The function `data.frame`

(used above) is extremely useful but won’t be covered in details in BIOL322. It suffices to say that `data.frame`

allows to place together different variables into a common data structure. In the above case these variables were the mean, standard deviation and sample size (n).

**Problem 2:**

Create code to generate a similar table to the one above but that also includes the median of each group (just after the mean).

In your file identify problem 2:

`#`

Problem 2: enter your code here.

`#`

continue your answer

**Analysis of variance (ANOVA)**

To conduct an Analysis of Variance (ANOVA), we use the function `aov`

which stands for `analysis of variance`

. The function `aov`

analyzes a response variable (dependent variable) as a function (hence the symbol `~`

) of a categorical predictor. Here we want to analyse the variation in shifts in circadian rhythm (response variable) as a function of light treatment (predictor). The function `anova`

is then used to create the anova table, including the F-value for the analysis and its associated P-value.

```
circadianANOVA <- aov(shift ~ treatment, data = circadian)
anova(circadianANOVA)
```

**Problem 3:**

3.a) Using an significance level (alpha) equal to 0.05, should we reject or not the null hypothesis?

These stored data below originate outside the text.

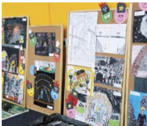
Część nagrodzonych prac.
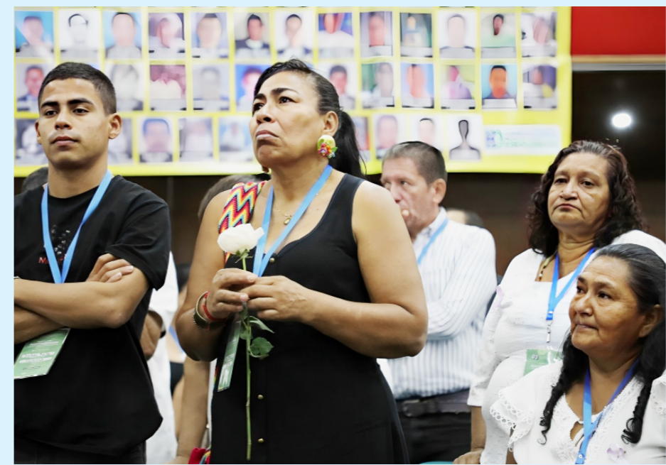
Las víctimas propusieron la construcción de un centro de memoria para el Huila.

municipios de Garzón, de Pitalito y Neiva. Ya aquí en Neiva, se tiene identificada una problemática donde está el Monumento Número 14, donde hay unas bóvedas que históricamente han sido abandonadas, mal mantenidas, donde hay cuerpos combinados de todo tipo, desde cuerpos de personas no identificadas, cuerpos de personas que han sido ya identificadas, pero no han sido reclamadas o que incluso habiendo sido reclamadas no han habido recursos para poder trasladar esos cuerpos a otros lados, creemos que eso es un drama donde nosotros podemos de manera in-
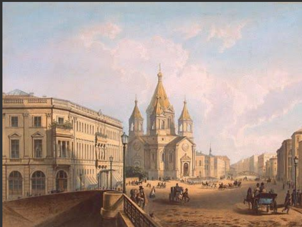
И. Шарлемань. Вид на Благовещенскую церковь с Благовещенского моста. 1850
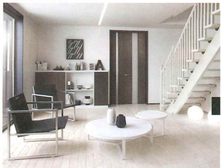
装飾を抑えたシンプルモダンな空間には、白・黒のコントラストがおすすめ。

シンプルながら高級感があり、洗練された都会的なスタイル。シンプルモダンや北欧モダンなどさまざま。
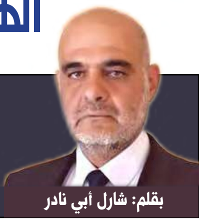
بقلم: شارل أبي نادر

تعددت الأسباب التي أسست للصراع التاريخي «الهندي- الباكستاني» حيال كشمير، من خلافات على ملكية مناطق جغرافية إلى خلافات قومية إلى أثنية إلى دينية، لتصبح بعد مدة على خلفية اتهامات متبادلة عن تدخلات وتغطيات لظواهر تمرد وعصيان ورعاية أعمال إرهابية، وإذ يمكن لأي من هذه الأسباب، أو بعضها أن تشكل دافعاً منتجاً لما حصل مؤخرًا من مواجهات عسكرية دائمية بين الدولتين، يبقى البعد الاستراتيجي هو الأساس في هذه المواجهة، والتي كان، أيضًا للموقف الدولي، وخاصة الأمريكي، دور أساسي في ضبطها، حتى الآن؛ مع عدم استبعاد تجدها وتوسعها.
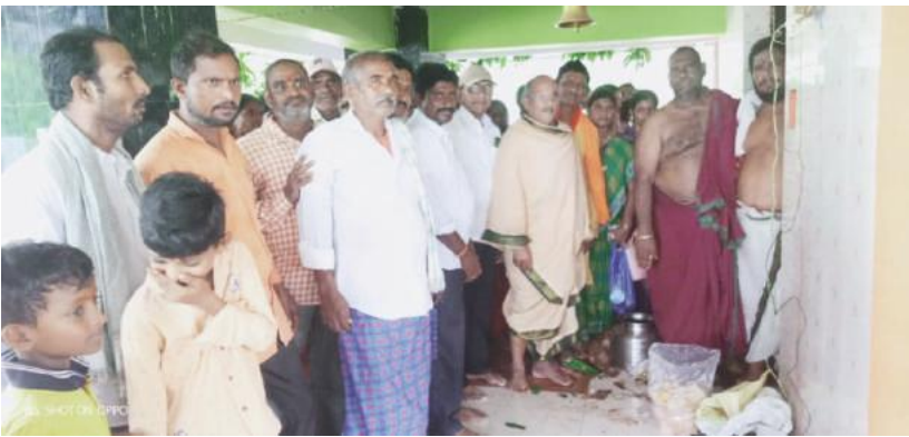
బోనకల్, సూర్య (మేజర్ న్యూస్): మండలంలోని వేడుకలను ఘనంగా జరుపుకున్నారు. స్థానిక పలు గ్రామాలలో భక్తులు హనుమాన్ జయంతి భక్తాంజనేయ దేవాలయంలో శనివారం హనుమాన్
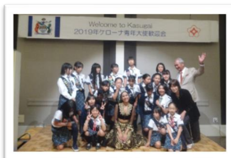
写真：春日井市を来訪したケローナ青年大使の様子（令和元年度）
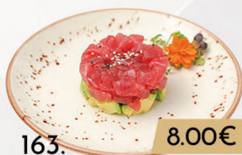
163. 8.00€ TARTAR DE ATÚN
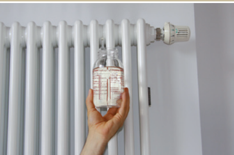
HEIZUNGSWASSER MIT UMH

Diese saubere Wasserqualität wirkt sich erfreulicherweise auch in einer verbesserten Wärmeübertragung im Heizungssystem aus. Das Raumklima hat sich seit dem Einbau der Heat-Geräte ebenso deutlich verbessert und die Bewohner fühlen sich in ihren Wohnbereichen sehr wohl.
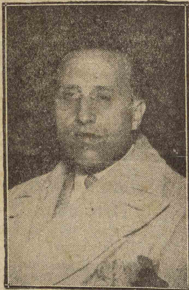
E. GIMENEZ CABALLERO

Ernesto Giménez Caballero—andarín cultural, polifacético, robinson relativo, medio voluntario, medio forzoso, de la literatura española, nieto del 98, según autocalificación—expuso anoche una concepción personal y audaz de judaísmo y jesuitismo. Audaz, en cierto modo, porque el conferenciante tuvo buen cuidado de paliarla, con frecuentes
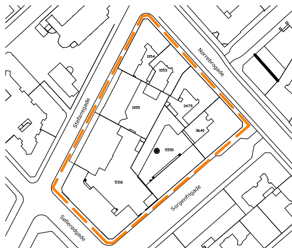
kort over Sorgenfrigade-karréen

Med dette forslag foreslås der etableret ét samlet gårdanlæg for karréen.
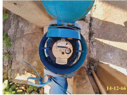
มิเตอร์รับน้ำประปา
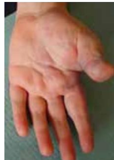
Po zdravljenju s ScleroGel®-om
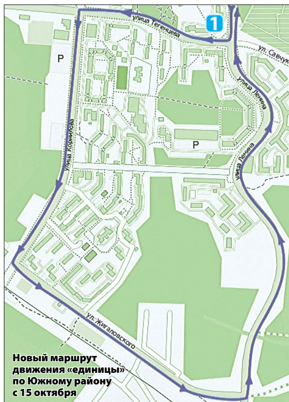
Новый маршрут движения «единицы» по Южному району с 15 октября

3.b) Provide an alpha value in which the null hypothesis would not be rejected.

In your file identify problem 3:

`#`

Problem 3: write your answer.

`#`

continue your answer

**Post-hoc test: Tukey-Kramer tests between all pairs of means**

`Post-hoc`

means “performed after the event” where the event here is the ANOVA. So, we conduct the ANOVA first, and then conduct the Tukey-Kramer `Post-hoc`

test. `Post-hoc`

is the jargon used in stats books!

Now we will conduct the Tukey-Kramer tests between all pairs of means to evaluate which `contrast`

(any given difference between a pair of means) are significantly different. The function `TukeyHSD`

uses the object created by the function `aov`

earlier to compare all possible mean differences (contrasts) between groups (treatments):

```
posthoc <- TukeyHSD(circadianANOVA, conf.level=0.95)
posthoc
```

The adjusted probability (p adj) is the P-value calculated on the basis that 3 different statistical tests were performed for the same data.

**Problem 4:**

Using a significance level (alpha) equal to 0.05, which pairs of means should be considered significantly different? Provide an explanation of the results in the context of the research problem.

In your file identify problem 4:

`#`

Problem 4: write your answer.

`#`

continue your answer

Submit the RStudio file containing the report via Moodle.